Licensed supervisors are currently facing a statutory review by the regulator. Trustees Executors, corporate trustee services general manager, Matthew Band, explains why the review is more than window-dressing, opening the door to a more risk-based supervisory world where providers must show, not tell…
Last week the Financial Markets Authority (FMA) renewed Trustees Executors’ (TE) supervisor licence through to 2028. Though this was pleasing in itself, the rigorous process and the additional investment that TE and other supervisors will have to make to fulfil their increased obligations, is further evidence that is consistent with the evolving regulatory landscape.

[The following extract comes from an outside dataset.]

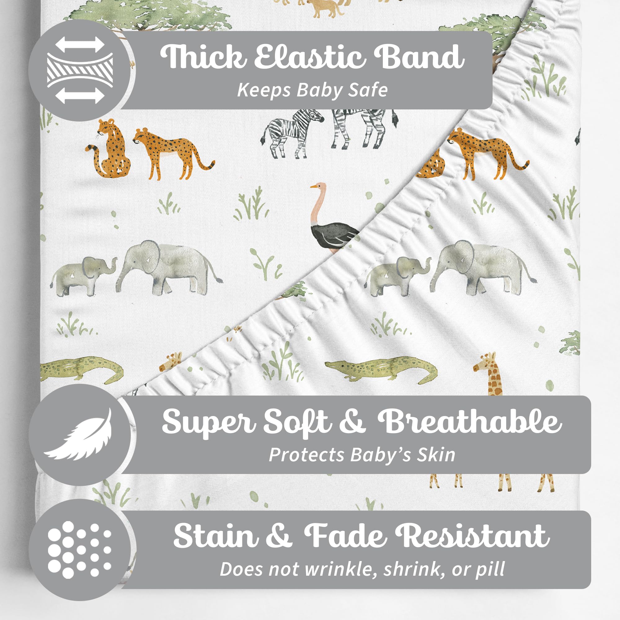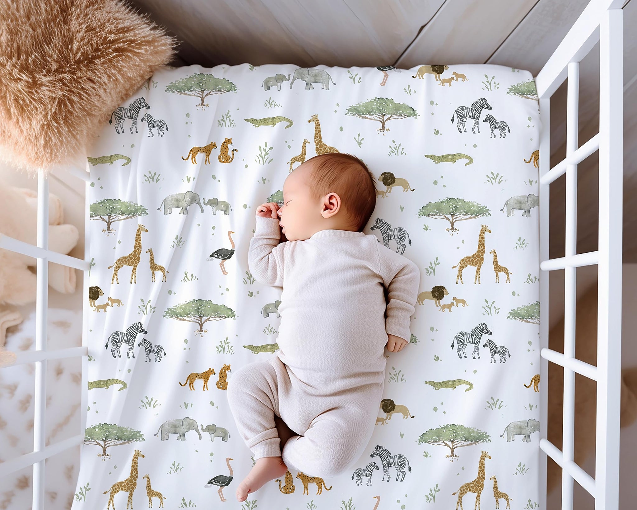 🦒 INCREDIBLY SOFT & BEAUTIFUL – This beautiful custom pattern is printed on the most luxuriously soft cotton blend. Thicker elastic and deeper pockets ensure that our crib mattress sheet will NOT slip off the mattress. You’ll feel the incredibly soft, yet stretchy and silky material as you pull the sheets and snug, creating a safe and soothing space for your baby to sleep.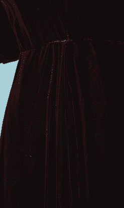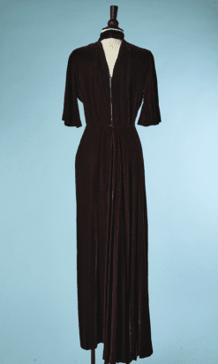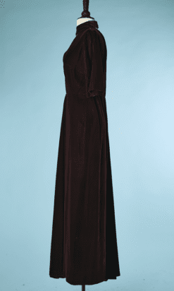 Robe longue du soir 1974 attribuée à Madame Grès, en velours prune, manches au coude, encolure en V et ruban collier de chien, taille cintrée par des plis devant prolongés sous la taille, décolleté dos en V suivi d’une fermeture éclair en métal,

TE fully supports the additional rigour required of the funds management industry and this was underscored through the relicensing process. This is in line with the FMA’s goal to “drive continuous improvement in frontline regulation” as outlined in its 2022-23 annual corporate plan released last week.
The FMA has raised the bar on compliance and oversight standards for the “proactive, risk-based monitoring” it expects from supervisors. This will impact the way in which supervisors monitor and interact with supervised entities such as fund managers, debt issuers and retirement villages.
So, in practical terms, what does the FMA’s increased focus on compliance mean for fund managers and their supervisors?
For a start, supervisors are now required to apply a ‘risk lens’ over all their supervised entities with closer attention to those who are at the higher end of the risk spectrum. The FMA expects supervisors to undertake greater in-depth, evidence based proactive monitoring as part of their supervisory role. This means that monitoring activities now need to be more focused on validating processes and reviewing policies and compliance plans.
This also includes understanding and documenting the control environment at supervised entities by considering the types of controls they have in place to reduce risk.
Meeting the obligations of a supervisor requires a significant increase in the work associated with supervision related activities, and much more involvement and interaction with supervised entities on all issues on the regulatory horizon.
This includes (but is not limited to) considerations such as:
- Value for money assessments
- MIS sector risk assessment
- Climate-related disclosures
- Liquidity risk management for managed funds
- Cyber resilience
- Conduct and culture
- Integrated financial products
- Advertising (fair dealing)
In keeping with the ongoing focus on doing the right thing by investors, the additional oversight and interaction between supervisors and its supervised entities is an important step up for the industry.
This new ‘deep dive’ style of oversight will require supervisors to recruit additional staff with wider skill sets, including a mix of risk, compliance, assurance and auditing experience. TE will add several new roles to our Corporate Trustee Services team to meet these increased obligations. I expect other licensed supervisors to follow suit.
TE fully supports and is investing in the FMA’s “show me, don’t tell me” approach to supervision. In addition to fulfilling our role as supervisor, we are also committed to helping our supervised entities navigate and comply with the added expectations on them.
Matthew Band is General Manager of Corporate Trustee Services at Trustees Executors Limited which is a licensed supervisor overseeing funds under supervision worth more than $125 billion.